According to the reviewer's recommendation, the way in which bacterial small RNAs can be transported to human cells to exert their effect has been discussed (lines 550-559).

Reviewer 2 Report

This study attempts to elucidate the potential role that small RNA may play in hypercholesterolemic and normocholesterolemic individuals from the perspective of differences in small RNA levels in gut microbiota. I think this study is innovative. Therefore, I recommend this study for publication in the journal of International Journal of Molecular Sciences after some major revisions.

 Page 3, please change “low-density lipoprotein (LDL) cholesterol (LDL-C)” into “low-density lipoprotein (LDL) cholesterol (C)”.

Page 3-page 4, the introduction section is not written concisely enough, and it is suggested to remove the content about small RNAs in plants. Focus on the background knowledge of small RNAs in gut microbiota related to host health.

Page 7, Figure 1 does not make much sense and is recommended to be placed in the supplementary material.

Page 8, “From the hypercholesterolemic (n=27) and normocholesterolemic (n=30) groups, the 10 participants with the highest levels of LDL-C and the 10 participants with the lowest levels of this biomolecule were selected.” Please explain why participants with the highest or lowest LDL-C levels were selected over those with intermediate LDL-C levels.

Page 9, It is suggested to add a correlation analysis to account for the relationship between small RNAs and LDL-C.

Page 11 and 12, The names of microorganisms (family name) should be italicized.

Page 16, please delete the references in the last paragraph.

Page 14 and 15, please revise the first two paragraphs of the discussion part to be more concise.

Author Response

• Page 3, please change “low-density lipoprotein (LDL) cholesterol (LDL-C)” into “low-density lipoprotein (LDL) cholesterol (C)”.

The sentence was changed (lines 68-69).

• Page 3-page 4, the introduction section is not written concisely enough, and it is suggested to remove the content about small RNAs in plants.
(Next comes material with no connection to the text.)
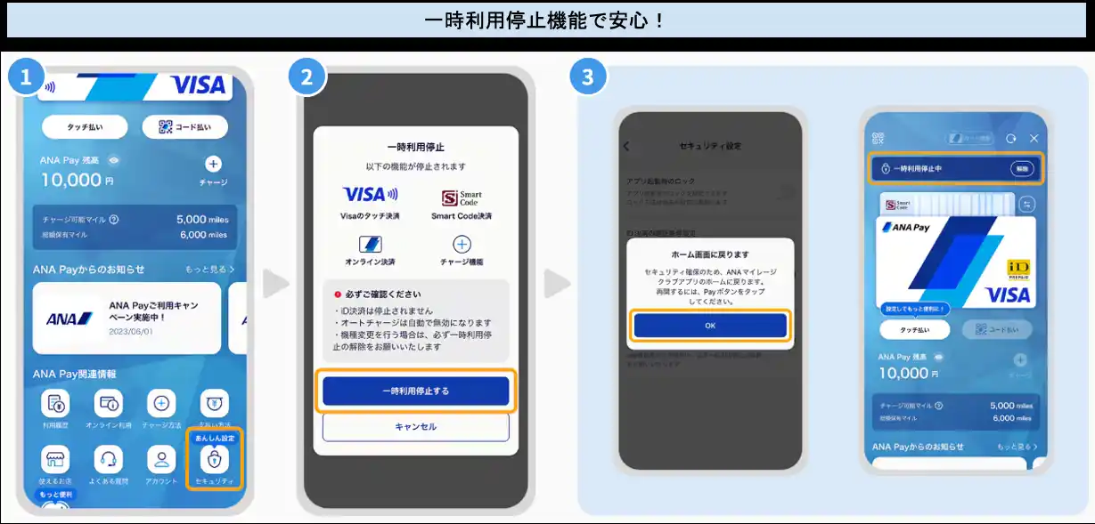 セキュリティへのご要望に対し、アプリ内からワンタップで利用を停止・再開できる機能を実装。万が一の紛失時にも、お客様自身で資産を守れる仕組みを整えました。 |

Focus on the background knowledge of small RNAs in gut microbiota related to host health.

The introduction was corrected by excluding those related to small RNAs and plants.

• Page 7, Figure 1 does not make much sense and is recommended to be placed in the supplementary material.

As suggested, the figure 1 has been placed in the supplementary materials section (Supplementary Figure F1).

• Page 8, “From the hypercholesterolemic (n=27) and normocholesterolemic (n=30) groups, the 10 participants with the highest levels of LDL-C and the 10 participants with the lowest levels of this biomolecule were selected.” Please explain why participants with the highest or lowest LDL-C levels were selected over those with intermediate LDL-C levels.

As suggested, we explained why the participants with the most extreme levels of LDL-C were selected (lines 282-287).

• Page 9, It is suggested to add a correlation analysis to account for the relationship between small RNAs and LDL-C.

The correlation analysis between the small RNAs and the LDL-C levels was incorporated according to the reviewer's suggestion (Supplementary Table S3).

• Page 11 and 12, The names of microorganisms (family name) should be italicized.

Families of microorganisms have been placed in italics.

• Page 16, please delete the references in the last paragraph.

References to the last paragraph of the discussion have been removed.

• Page 14 and 15, please revise the first two paragraphs of the discussion part to be more concise.

Relevant information from the first two paragraphs of the discussion was selected and merged into a single paragraph (lines 458-466).

Round 2

Reviewer 1 Report

The manuscript can be accepted and published.